War Time at Rofford House in Thorley Road
Now during the war, Rofford House in Thorley Road was used by service men. One day Granny Hunt and Aunt Alice and I were sitting in the kitchen at Downs View, Thorley Road, when suddenly the back door opened and two young men with shirts over their arms walked into the house, much to our surprise. One looked at Gran and said: ‘ Hello Ma, we are living in Rofford House. Can we borrow your iron?’
The other one explained they were (I think) Canadian. They had dates with two young women that evening, and there were no irons in Rofford House to iron their shirts.
Gran went out to the shed and came back with two flat irons because this is what she used then, and said: ‘They will take a while to heat up, boys, I have to put them on this range.’ Their faces were a picture. ‘What are they, Ma?’ one said. They could not believe it when Gran explained. They had had electric irons for years at home they said.

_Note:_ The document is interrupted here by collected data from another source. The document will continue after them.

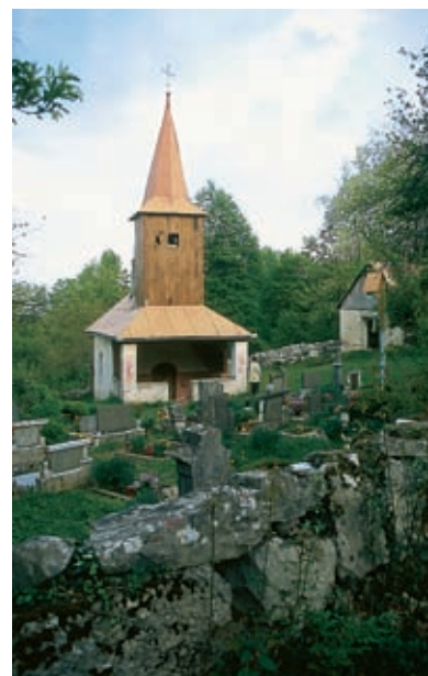
Cerkvica sv. Jurija s pokopališčem stoji čisto blizu mitreja.

V pobočju nad mitrejem stoji cerkev sv. Jurija, obdana s kamnitim obzidjem. V listinah je prvič zapisana 1526. leta, vendar je, sodeč po gradbeni zasnovi, veliko starejša. Jurij ni daleč od Mitre, ubija zmaja namesto bika. Je zavetnik kmetov, popotnikov, priprošnjik za lepo vreme, torej za sonce. Zavetnik vse Bele krajine je, čaščen ne le 23. aprila, na jurjevo, ob jurjevanju, ampak čez vse leto. Čaščenje junakov, ki ubijajo temo in zlo, ne bo nikoli zamrlo.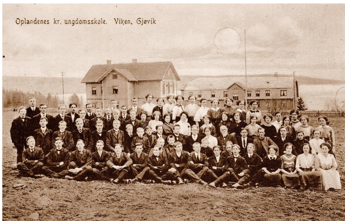
Elevkull foran «Gamleviken» og det nye skolebygget.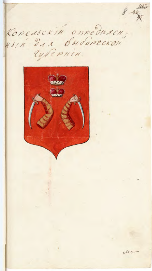
Герб Корельский, определенный для Выборг- ской губернии (в архивном деле о гербах губерний; РГИА. Ф. 1343. Оп. 15. Д. 67. Л. 8). Публикуется впервые.

Для сравнения: рисунки гербов во «Всероссийском гербовнике» (РНБ. Ф. 885. ОР Эрм. 330):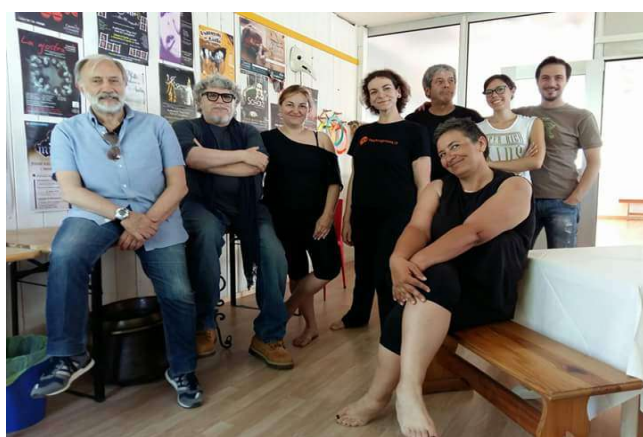
Sala II - Ufficio / Break time Disponiamo di un ampio bagno ma non di doccia e non acqua calda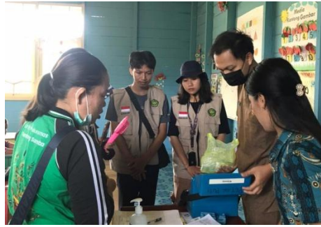
Gambar 7. Pekan Imunisasi Nasional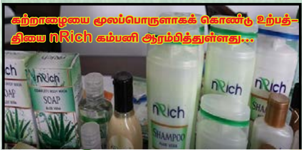
கற்றாழையை மூலப்பொருளாகக் கொண்டு உற்பத்தியை nRich கம்பனி ஆரம்பித்துள்ளது...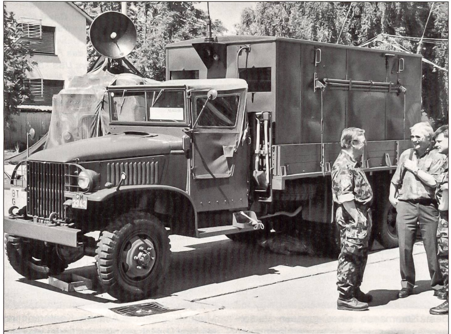
Fachsimpeln vor GMC 6x6 mit Funkaufbau.

Das Motto der Comm 01 hiess «Gestern – heute – morgen» und widerspiegelt die inhaltliche Gewichtung der drei Ausstellungsteile. Vor 50 Jahren, 1951, wurden die Übermittlungstruppen aus den Genietruppen herausgelöst und als selbstständige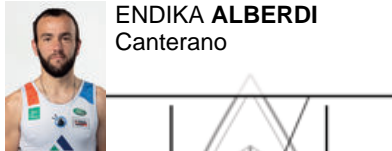
ENDIKA ALBERDI Canterano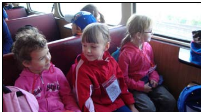
Výlet do Lobče

a zpívaly hlavně pro rodiče. Předškolní děti zakončily docházku do mateřské školy plněním úkolů při celodenním výletu do „Muzea Eduarda Štorcha“ v Lobči a následným přespáním v mateřské škole. Poté byly vydekorovány paní starostkou a propuštěny dobře připravené do základní školy. Po začátku nového školního roku děti vytvořily výtvarné práce s tematikou „Cukrárna“ na Podzimní výstavu do Obce Březovice a následně na výstavu do Domova důchodců v Mnichově Hradišti. Svým sportovním vystoupením s rodiči potěšily všechny zúčastněné při 100. výročí Sokola Katusice. Při vítání nových občánků v obci potěší rodiče hezkou básničkou a předškolní děti potěší spoustou nových slovíček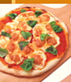
Fresh Mozzarella Cheese & Basil Pizza フレッシュモッツアレラとバジルのPIZZA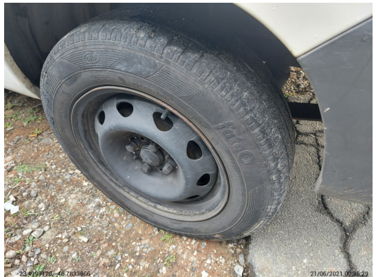
Pneu traseiro esquerdo - -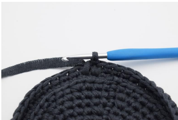
11. Sådan. Der er nu hæklet endnu 1 dfm.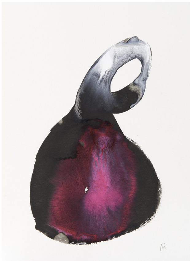
300 g-ko papera / papel 300 gr. – 30 x 42 cm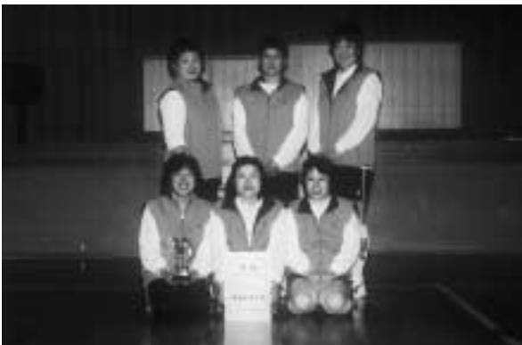
優勝した8支部Cチームの皆さん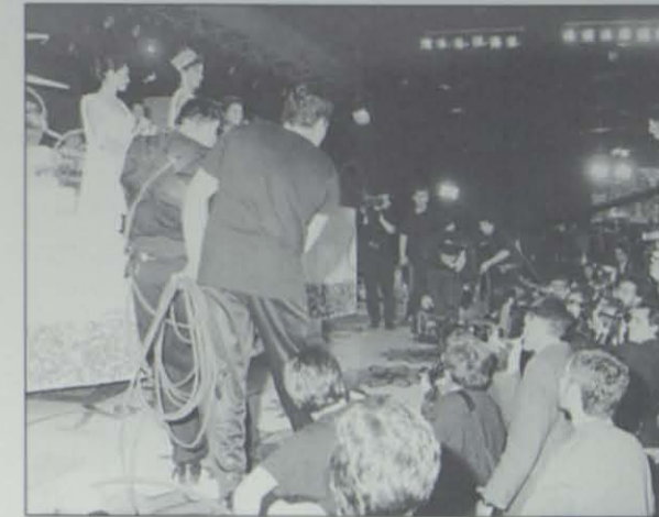
¿Cuándo te has visto en otra como ésta, Salou...?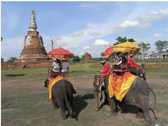
象に乗って遺跡巡り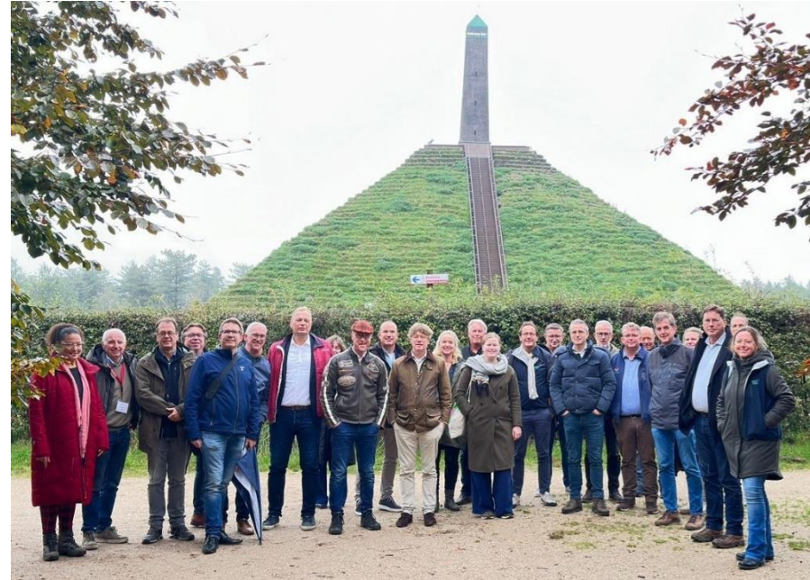
Partnerdag bij de Pyramide van Austerlitz.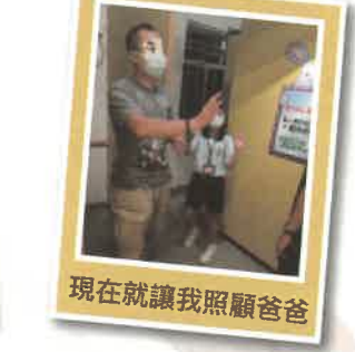
現在就讓我照顧爸爸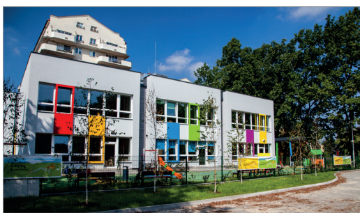
Nowe przedszkole przy ul. Achera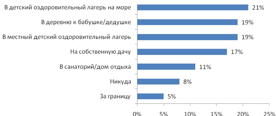
Рис. №1: Куда Вы отправляете летом отдыхать своих детей (ребенка) школьного возраста?

Наиболее пристальное внимание среди участников исследования заслужили в этом году такие места детского отдыха как пионерские лагеря, дачи, деревни. Более половины опрошенных указали, что их чада поедут летом именно туда. Почти 1/5 школьников отправится на море. Лишь 5% отметили, что обеспечат отпрыскам отдых за границей (см. рис. №1).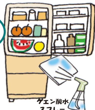
クエン酸水スプレー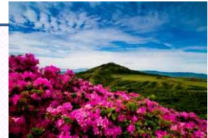
魅力的な展望地整備とITを活用した解説案内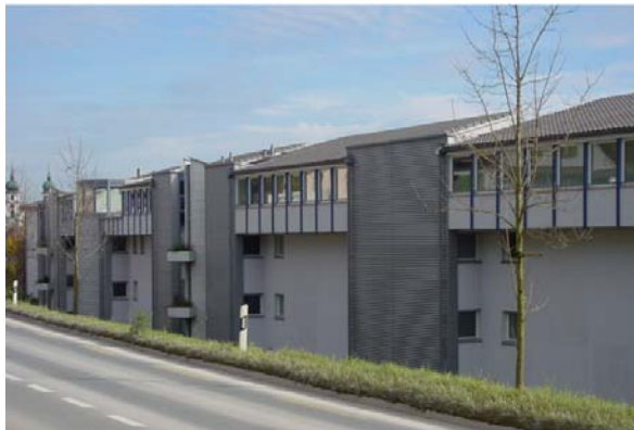
Abb. 21.1 Überbauung Rothenburgstrasse, Eschenbach LU (schallabsorbierende Fassade)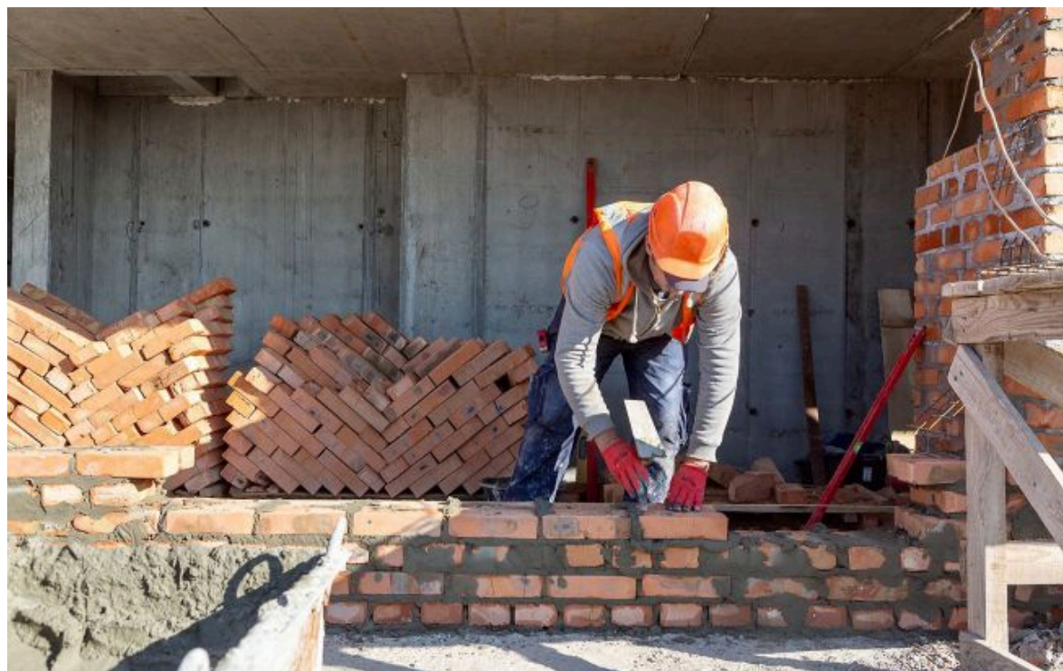
Фото: після війни найбільший брак робочої сили буде у будівництві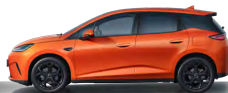
Orange Sunset (Variante Sport, 18" Aluminiumfelgen schwarz)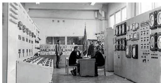
Таганрогское ЛПУМГ, диспетчерская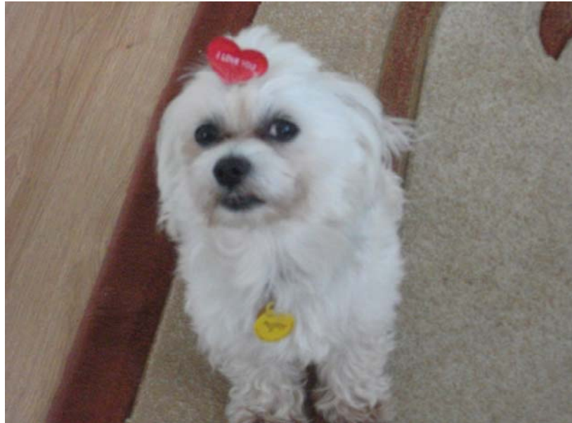
هوية ماكسي ووثيقة حصوله على اللقاحات المضادة

ماكسي وبكل افتخار يقف ويقول: أنظروا ففي عنقي حلقة معدنية مكتوب عليها أصلي وفصلي بينما في سورية نصف مليون كردي لم يصلوا بعد الى مرتبتي مع الاسف الشديد، حتى الكرد الذين يتمتعون بالجنسية السورية فمكتوب عليها بأن حامل الهوية هو عربي سوري!، وهذا شئ مرفوض لأنني أرفض ان أكون من تبعية جمهورية التشيك وذلك لأنني سلوفاكي من جمهورية سلوفاكيا المستقلة وهذا ما أرجوه للشعب الكردي في غرب كردستان بالاستقلال عن سوريا، ويعيش بكرامته كما أنا أعيش. هناك من يقول هذا تشبيه غير لائق، وباعتقادي إنه لائق وأكثر لأن الممارسات التي يمارسها النظام السوري بحق الشعب الكردي قد تجاوزت كل الحدود ووصلت الى حد لا يطاق نهائياً، وثانياً ان الكلاب في العالم ليسوا كـ (كلاب) سوريا أيضاً.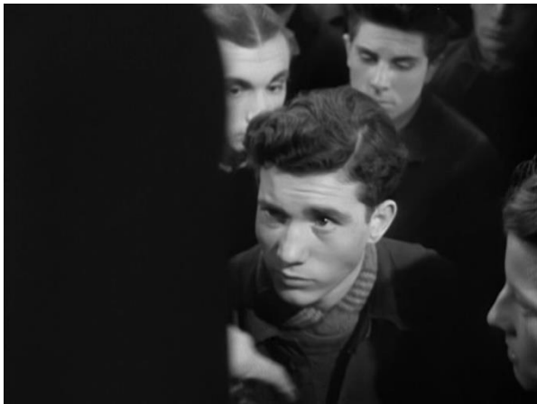
Figure 39 : Vulnérabilité des voleurs de couteaux 1/2 ( Le Carrefour des enfants perdus )

Par ailleurs, c'est surtout la figure de Joris (Serge Reggiani) qui incarne le caïd par excellence. Il parvient dès le premier jour à voler une bouteille de vin, il fume la nuit dans les dortoirs, parle argot et pousse ses compagnons à défier l'autorité pour pouvoir s'échapper. Il fréquente aussi le milieu du crime et ose défier l'autorité. C'est d'ailleurs cette force de caractère qui poussera Jean Victor à voir en lui un chef. De plus, tous ces personnages rappellent encore une fois, par leurs capacités à s'affranchir des règles et leur maîtrise de la clandestinité, l'ancrage de nos films au registre du banditisme très en vogue au cours des années 1930. En effet, ils confèrent aux films un caractère sulfureux et spectaculaire qui rend le récit marquant, mais qui est compensé par leur réhabilitation ultérieure.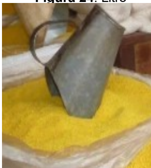
Figura 24. Litro

Figura 23. Carrinho de mão: Um equipamento prático para transportar a mandioca, a farinha e outros materiais dentro da casa de farinha. Facilita o Carrinho de mão: geralmente feito com estrutura de madeira reforçada com ferro ou aço, e rodas de madeira ou metal, montadas com pregos ou parafusos.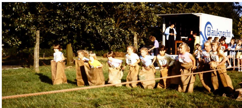
Zaklopen in Hoek in 1989.

Maar dat blijft geen jaren goed gaan. De situatie leidde in 2001 in goede verstandhouding met de Jeugdraad tot de oprichting van een afzonderlijke Stuurgroep. Die Stuurgroep koos na enkele jaren voor de eigen herkenbaarheid om gele t-shirts te gaan dragen. Elke verwarring met de gele truidragers is evenwel uitgesloten : bij de Stuurgroepleden staat het logo op de rug, niet op de buik. De oprichting van de Stuurgroep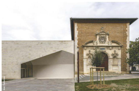
Rénovation du musée des Augustins, Toulouse / Aires Mateus

Traditionnellement dédiés à la conservation des œuvres et à leur diffusion au public, les musées voient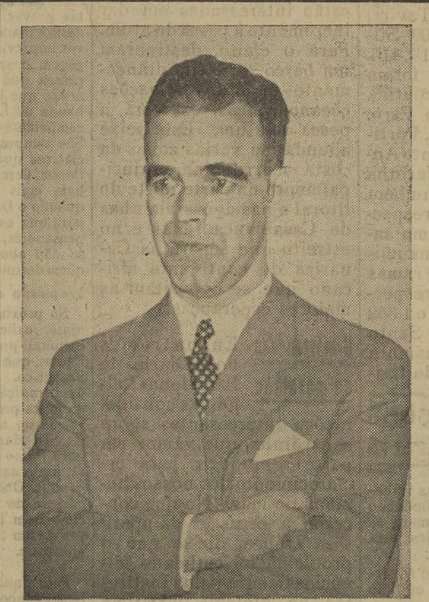
Eng. Eduardo de Arantes e Oliveira, ilustre ministro das Obras Públicas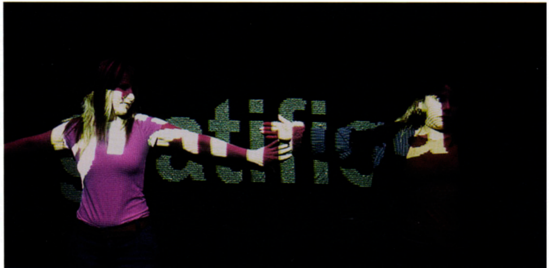
Público subtitulado, 2006. Instalación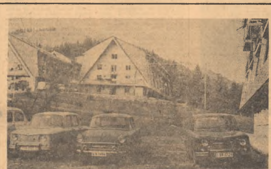
La Voineasa, pe Lotru

Gran decided if they tried to use the irons there would be two young ladies, with young men who had shirts full of holes, so she did it for them. Next day they came back and brought Gran several packets of biscuits. She said, ‘I can’t take them, it’s not right when things are rationed.’ They laughed and said they had plenty. Gran did bits of ironing for them and Gran got several lots of biscuits and then one day they came to say they all had to go back to the mainland.
They certainly had a forward approach but they were very nice young men. It seems that people just walked in and out of people’s houses in their home town. It seemed rather strange to us but then lot of things were strange in the war years.